Get Blogspot domains from the CommonCrawl. Runs on Heroku.
To set the CommonCrawl indexes (base URLs) to download from, you need to set the index
environment variable with a list of index URLs separated by ,
: Example: http://index.commoncrawl.org/CC-MAIN-2017-43-index,http://index.commoncrawl.org/CC-MAIN-2018-51-index
. A full list of indexes is available at https://index.commoncrawl.org/.
For the Google Drive feature at the end of the script, some authentication files are required:
client_secrets.json
and credentials.txt
client_secrets.json
can be downloaded from the Google API console from a project with the Google Drive enabled. Note that you will likely have to rename the file you download so it can be detected by the script.
credentials.txt
can be generated by running the script locally and accepting the OAuth prompt.

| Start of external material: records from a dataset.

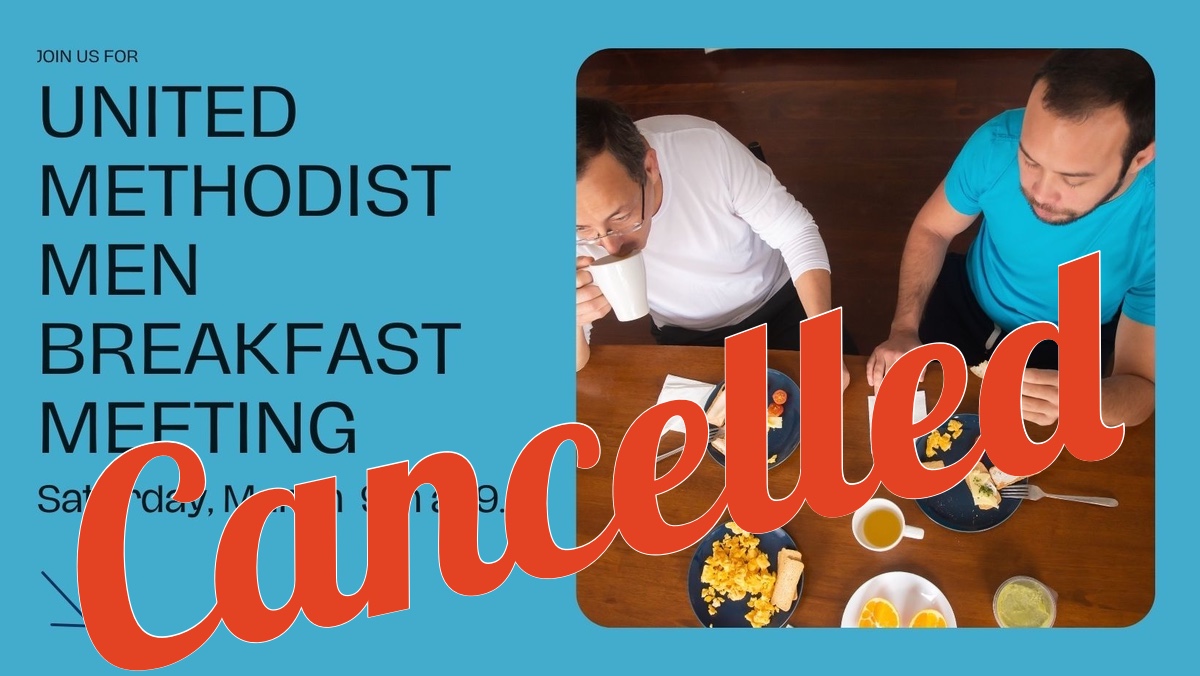 March 9, Cancelled! United Methodist Men Breakfast Meeting
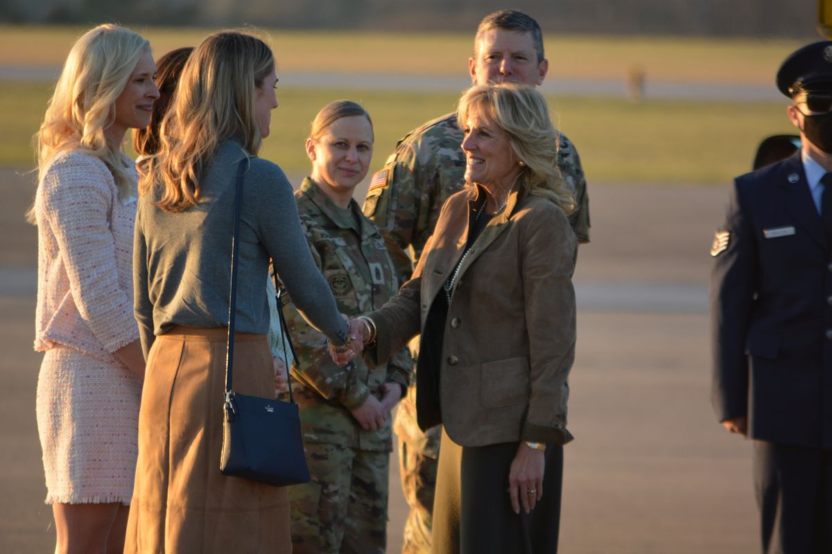 First Lady Dr. Jill Biden arrives at Fort Campbell, on Mar. 9 2022. (Lee Erwin)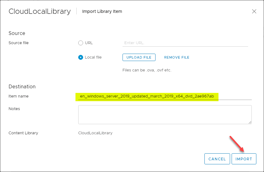 The file to be uploaded is now listed in the Item name. Click the Import button to begin the upload of the file to the Content Library.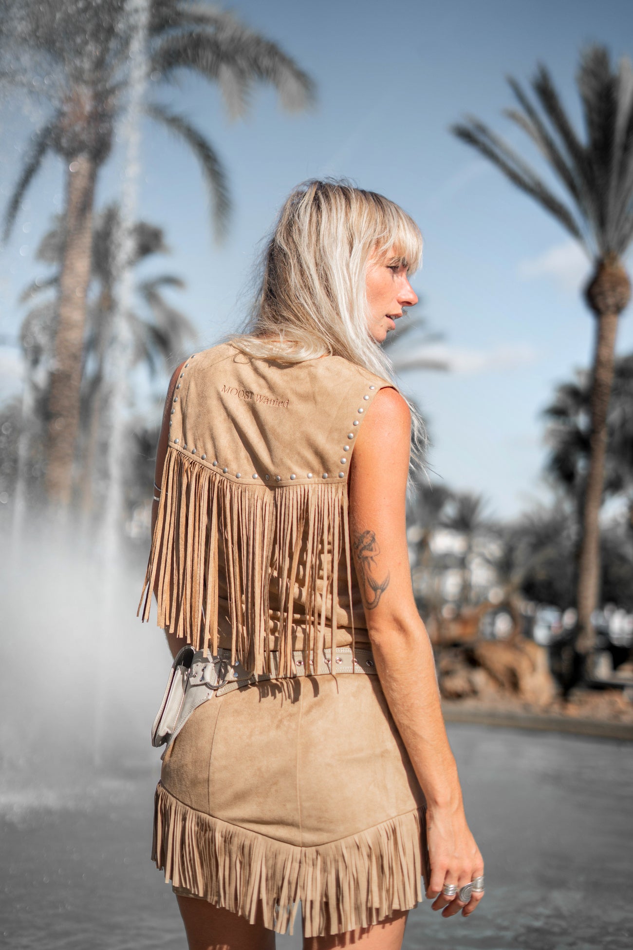 The Kriss Fringe Skirt Camel from MOOST is a real eye-catcher from the Sunset Boulevard collection from Motel Escape. This skirt exudes western attitude and feminine power in one powerful silhouette.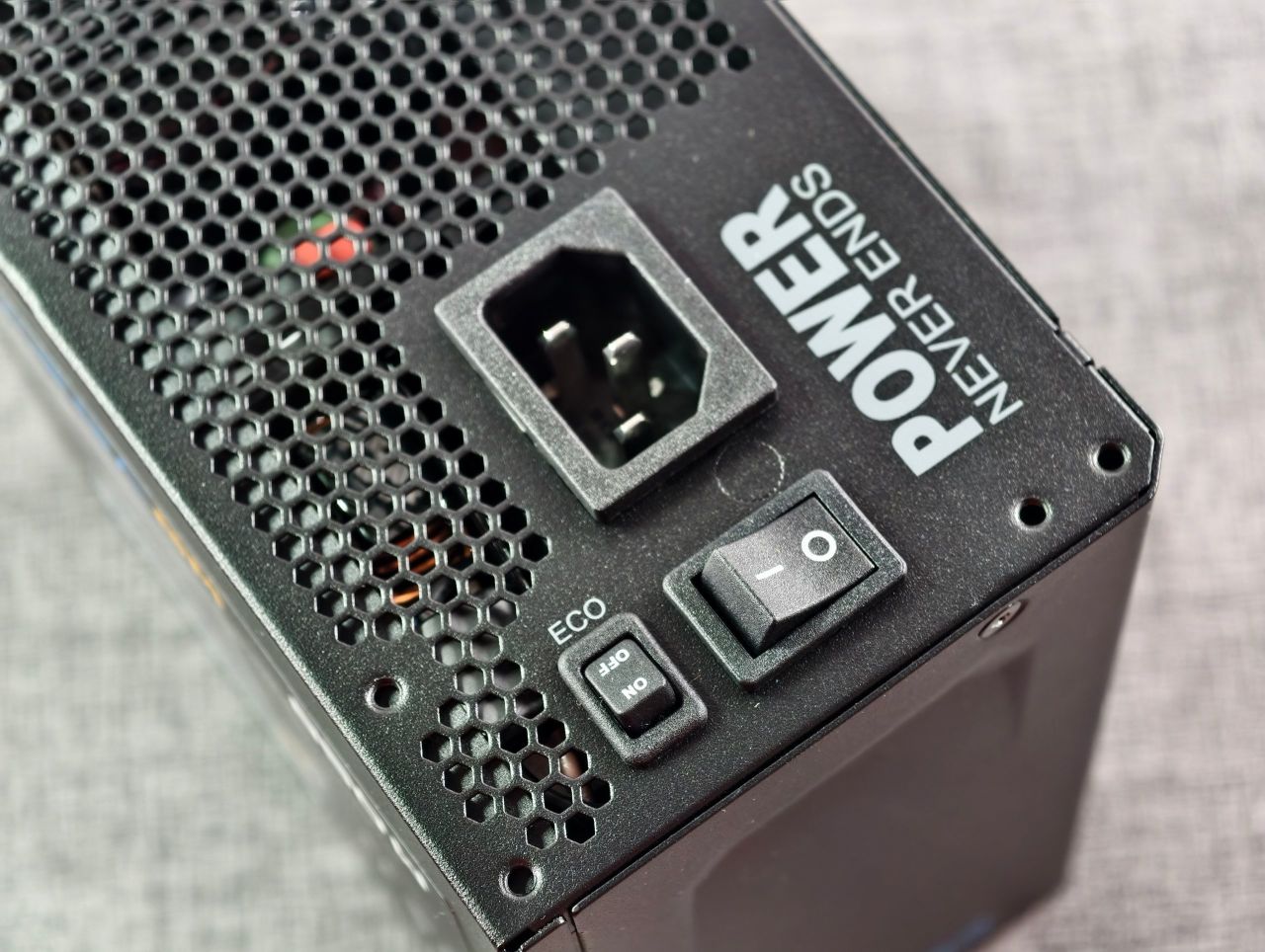 电源背部除了独立电源开关外,还配备了ECO半被动风扇控制开关,用来调节风扇启停模式。大家可以在静音优先和压低电源温度这两种模式之间选择。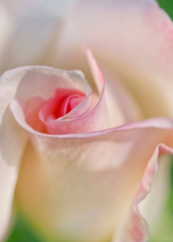 Soft Pink Rose on Green - a soft pink rose blooming on a early cool fall morning. The blossom looks prestine having no petsts to bother her. The blossom is a soft almost white pale pink. The fall sun is skimming the flower from the right. The background is a bright medium osft blue green. The view is at about 45 degree allowing a view into the core of the rose.

In addition, you will need to set the heroku-key
environment variable with an API key for Heroku. This is used to scale the dyno formation down to 0
when the script is cleanly finished. It is also used to update the driveid
environment variable on the list API provider server.
You will need to set the logsheetid
environment variable to the ID of a Google Sheet so events can be logged.
You will need to set the memsheetid
environment variable to the ID of a Google Sheet so important variables can be stored during graceful shutdowns/restarts.